How so? A whole wheat kernel is highly nutritious. The big difference between wheat that sustained early civilizations and what we eat now is largely processing. There are three main parts of a wheat kernel: endosperm, bran, and germ. The endosperm makes up the bulk, providing macronutrients in the form of carbohydrates and proteins, and it is the part that makes white flour. Much of wheat’s nutrition is found in the other two parts. For most of human history, we crushed the whole kernel into flour, which meant that the nutritive parts—fiber-rich bran and nutrient-packed germ—were ground right in. The problem is that germ is also prone to rancidity. Therefore, traditional stone milling did not lend itself to industrialization.
In the late 1800s, new technology came to market that allowed us a way to shear off the bran and germ, making flour more shelf stable. In the early 20th century, health officials began to notice vitamin deficiencies in world populations and decided to target certain food staples for enrichment. In the 1940s, the United States government put public health measures in place to enrich wheat flour with vitamins and minerals, such as B vitamins, including folic acid, and iron, a practice still in place today. Nutritionists are now uncovering that a few added vitamins in our flour might not be enough. We know that most Americans don’t get enough fiber, and one way to correct this is by switching from white flour products to ones that contain all of the outer bran. Stone milling helps provide a solution.

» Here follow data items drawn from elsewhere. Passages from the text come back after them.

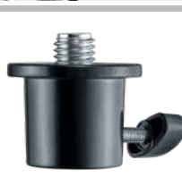
5/8" thread adapter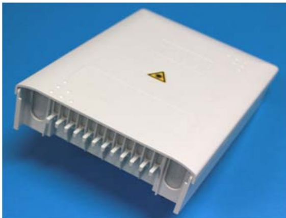
Symetric PBPO NG with external anchoring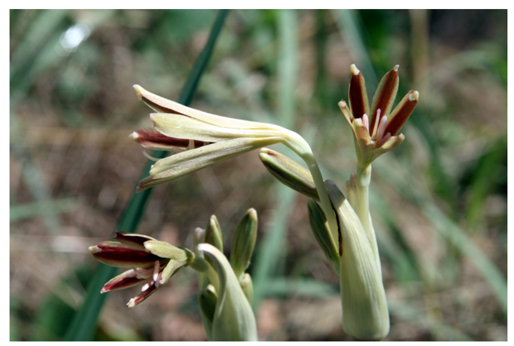
Figure 5. Flowers of Ungernia victoris Vved.

still using baked bulbs and fresh leaves for the disinfection of wounds. Local people are also still making glue from bulbs. All parts of U. victoris contain alkaloids (leaves-0,33%-1%; bulbs 0,8%-0,9%, especially galantamin 0,7%-1%, licorin 0,073%, gordenin 0.039%, tatecin 0,1%, pankratin 0,15%, narvedin 0,0054%). The maximum concentration of alkaloids in U. victoris can be found in early spring. This plant also contains cumarin (0,09%), essential oils 0,12%, resins 6%, pectin 4,9%, mucus 7%, sugars 6,1% and organic acids 8,91% (Khojimatov et al. 2009). The leaves and bulbs of the plant are now used as an industrial source of the alkaloid galantamin, which is widely used in allopathic medicine for treatment of poliomyelitis and polyneuritis.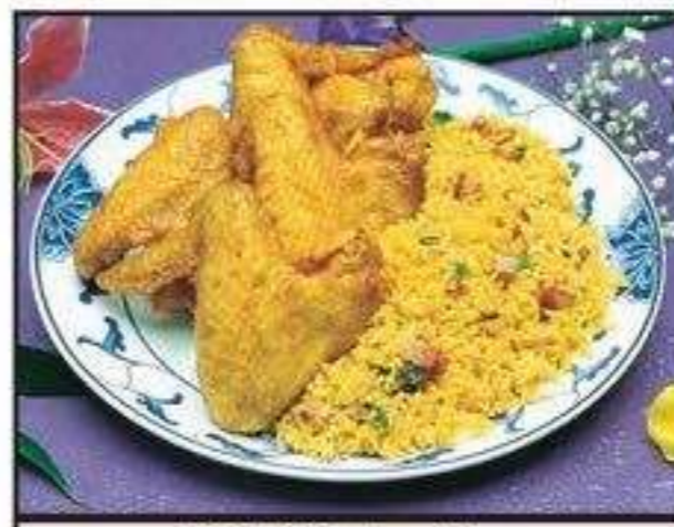
Fried Chicken Wing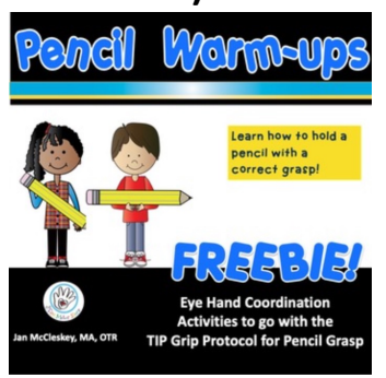
Pencil warm-ups for K - elementary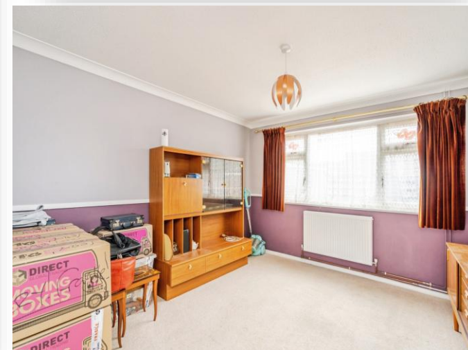
Hawks Place, Bognor Regis PO22 9LZ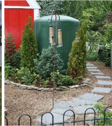
Rainwater captured in a cistern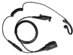
EHN26 C-style Earpiece with microphone and in-line PTT button

External earpieces and microphones that attach directly to the radio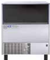
843 x 557 x 984** mm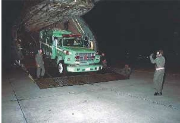
Air mobility forces supported efforts to fight forest fires in Florida in 1998.

Military forces may provide limited support to civilian law enforcement agencies, but these activities are subject to many legal restraints. This support may include such things as training for law enforcement agencies, assisting in the control and resolution of a civil disturbance, or providing resources to prevent or mitigate the threat of a nuclear, biological, or chemical (NBC) terrorist threat. Military forces are not allowed to enforce the law except in two specific circumstances: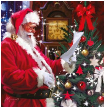
"Checking it Twice"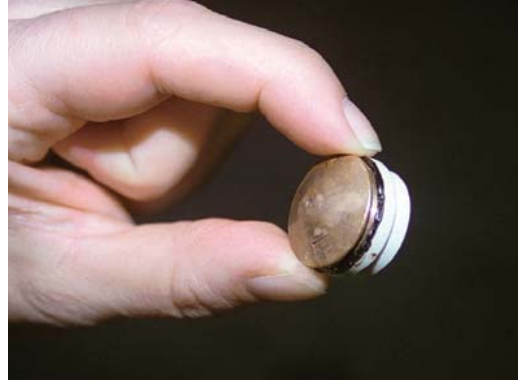
Aremco-Bond™ 570 bonds ceramic to copper nozzle.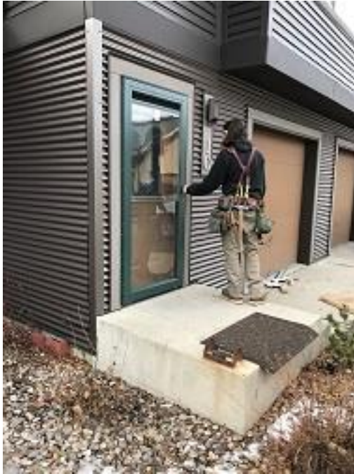
Building E1 Unit 10 Storm Door Installed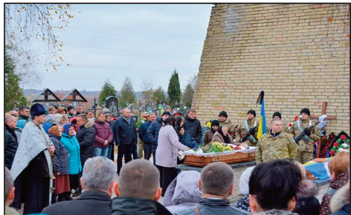
PARTICIPATING IN FUNERALS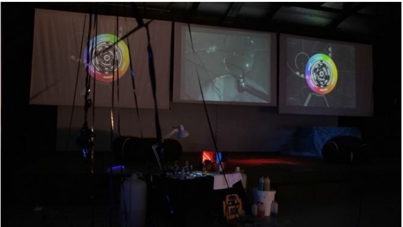
emötio, 2010 theatrical-immersive live cinema performance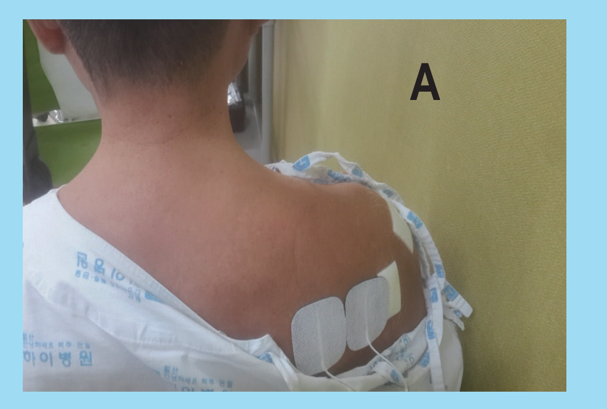
Figure 1. NMES during isometric contraction of the external rotators on affected side. (A) Placement of NMES pads, (B) Isometric exercise by using wall.

Design of this study was cross-sectional study. Participants were received NMES during isometric contraction of the external rotators on affected side (Figure 1) and conducted contralateral cross training on upper extremity by using FLEXI-BAR® (Figure 2) Pain pressure threshold for pain, manual muscle test for muscle strength, and muscle thickness with relaxed and contracted conditions on immobilized shoulder were examined pre and post interventions.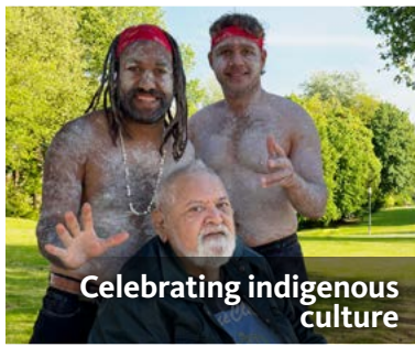
Celebrating indigenous culture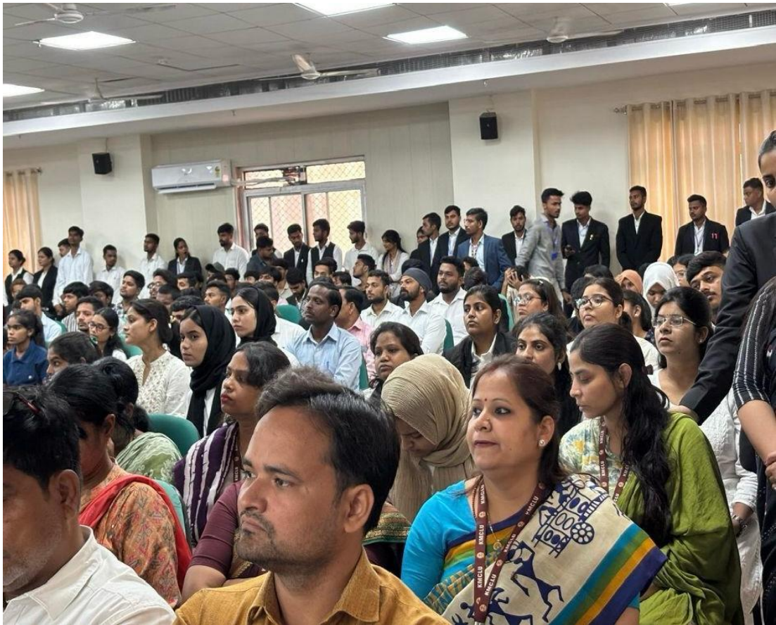
Glimpse of participants in the seminar

The seminar "From Law Graduate to Advocate: The Etiquettes" (विधि स्नातक से अधिवक्ता बनने की मर्यादाएँ), held on August 27, 2025, serves as a definitive training module for the ethical transition from academic study to professional practice. By inaugurating the Dr. B.R. Ambedkar Memorial Moot Court Hall alongside this discourse, the university emphasized that practical skill-building must be inseparable from moral character and professional "Mariyada" (decorum). The session provided critical guidance on the Ethics of Intellectual Labor , specifically training students to prioritize genuine library research and dedicated writing over an over-reliance on automated AI tools, thereby preserving cognitive integrity and the authenticity of legal drafting. By engaging undergraduate students, faculty, and senior advocates, the program institutionalized a culture of accountability where language is respected as a tool for justice and etiquette is viewed as a lifelong moral compass. Speakers, including His Excellency the Governor of Himachal Pradesh, emphasized that true professionalism stems from internalizing honesty and empathy rather than adhering to mere formalities. This initiative ensures that the university's legal community is not only technically proficient but also ethically anchored, preparing graduates to serve as high-integrity officers of the court who uphold the sanctity of the legal profession.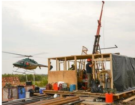
Diamond Drill Setup

Phone: (416) 864-1456 Fax: (416) 865-6636 info@boldventuresinc.com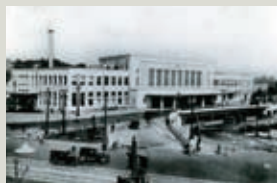
1934 Ueno Station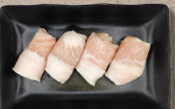
SIGNATURE PORK CHEEK* 향정살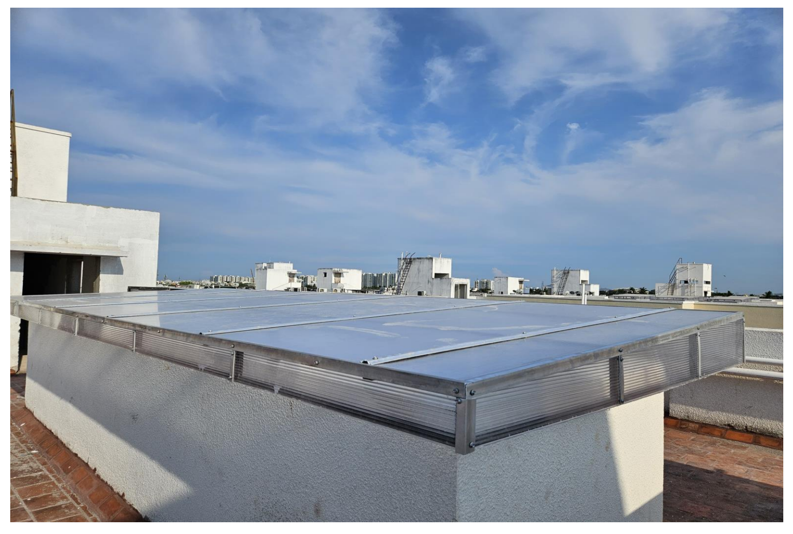
Block -3, Terrace Duct Covering Work In Progress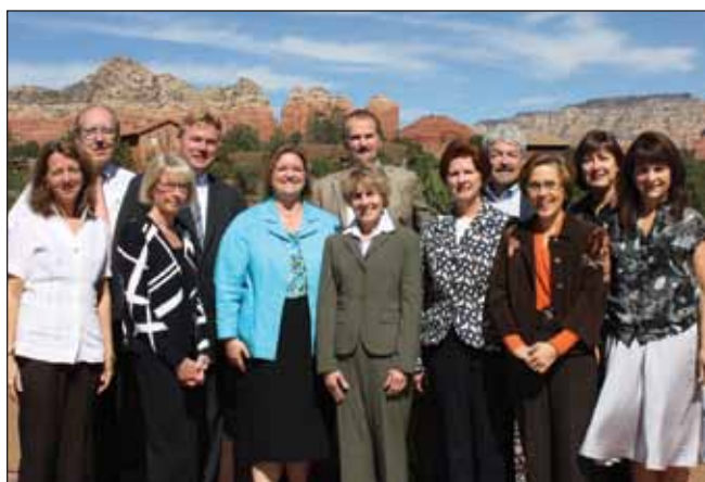
The Board of Directors discussed the new 5-year ASN strategic map at their fall meeting.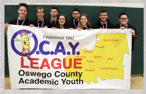
Central Square receives gold medals.

The third Oswego County Academic Youth League featured a series of academic activities ranging from short quizzes to a jigsaw puzzle. The objective of the competition was to complete as many challenges as possible in the designated time period.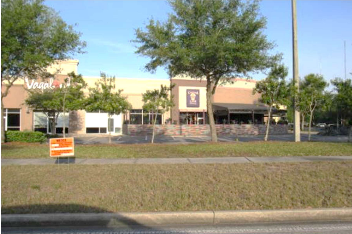
View of subject property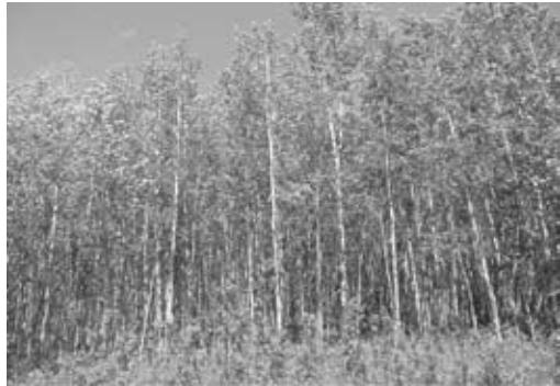
Figure 58. Veery, a locally distributed species, occurs mainly in young stands of trembling aspen.

Habitat: Migration: No records. Breeding: Appears restricted to deciduous forests, usually trembling aspen (Figure 58), with a border of willows and alder at a damp or wet site such as the interface of an aspen forest with sedge meadows around Boundary Lake, or a wooded swamp as along Upper Cache Road.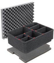
iM2720TPKIT TrekPak Case Divider Kit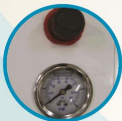
▲ Adjustable Squeegee Pressure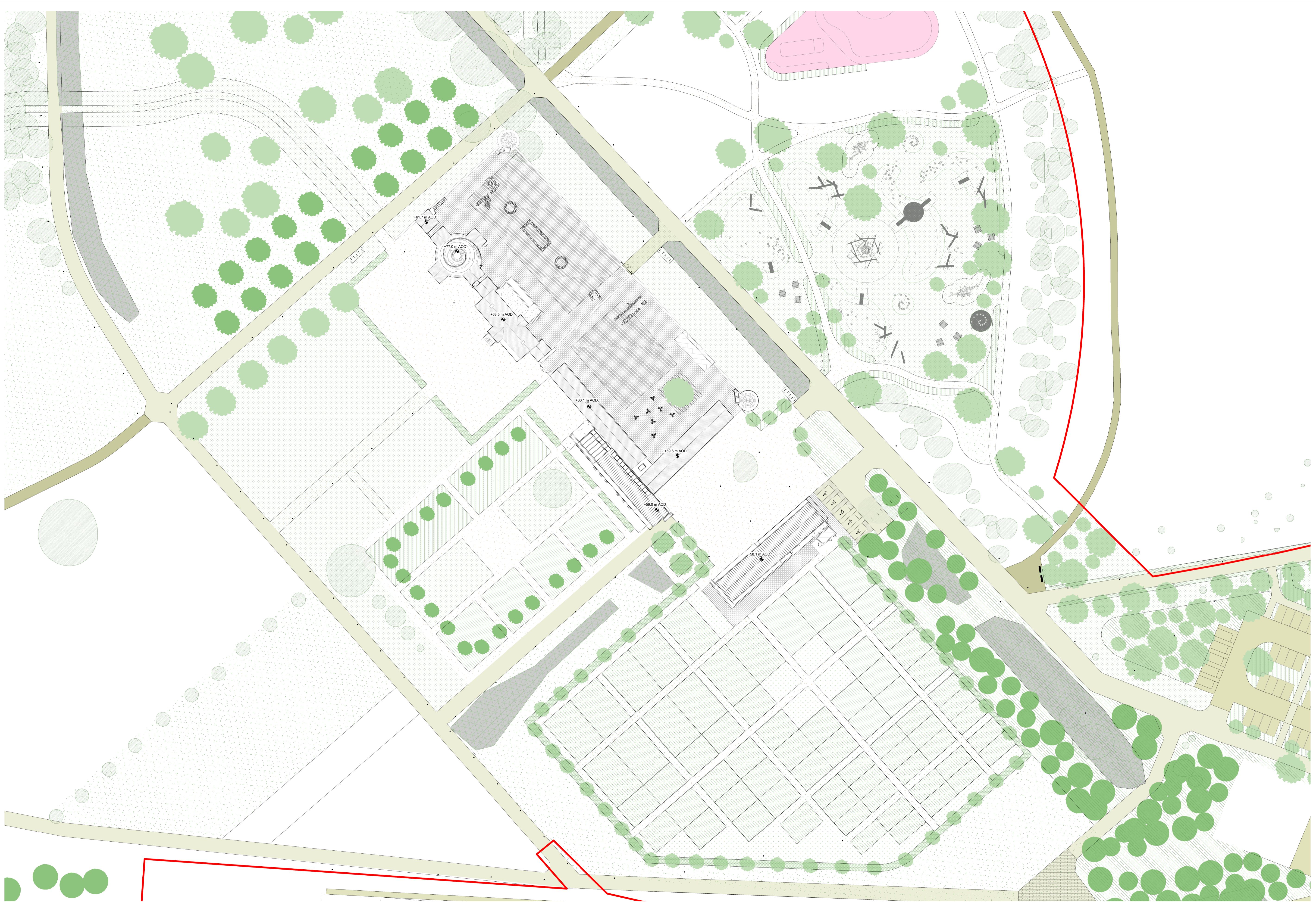
1 ZZ-00-MP-A-Site Layout Plan 2 . 1 : 500

Wheat has also been devalued in the marketplace, and it’s hard for farmers to get real worth for it. For years, wheat has been monocropped, which is a method of growing a single crop on the same land year after year, an agricultural practice that can deplete the soil of nutrients. Farmers also have been breeding plants for yield rather than nutrition or baking qualities, much less sustainability. As Nan was sourcing grains, she started connecting the dots between ones that are grown in more sustainable farming systems and the flavors and nutrition that consumers are getting from them.
Nan wants everyone to have access to the best flours. What makes a flour the best? First, it must taste great. Period. She believes in crushing (stone milling) rather than shearing (roller milling) the grain because that’s what leaves all of the bran and the germ in the flour. This not only gives the flour more flavor, but it also boosts its nutritional profile. In stone milling, even when the flour is sifted to make a product closer to what we know as all-purpose white flour, some of the smaller particles of bran and germ will be left in. That means more fiber and a perfect case of fresh flavor equaling nutrition. Her shop doesn’t have a bakery of its own, but she heavily tests each flour and shares recipes and baking tips. Better yet, she’ll report back to farmers to help them cull what they grow in subsequent years. Through Nan, they have a resource to know what consumers are looking for in a seed.
“My mission is transparency and diversity,” Nan said. “I’m a conduit between what the farmer is doing and what the baker can expect. Now that I use these flours, everything else tastes one dimensional and flat.”
As I listened to Nan, it dawned on me that mills are the bridge between our primitive selves and our civilized beings. Without millers, we picked and ate grass seeds, but we didn’t know the craft of storing and crushing them. That’s why mills were once the mainstays of growing communities. Nan provides just that. She’s the anchor for a growing community of food lovers who care deeply about where their food comes from.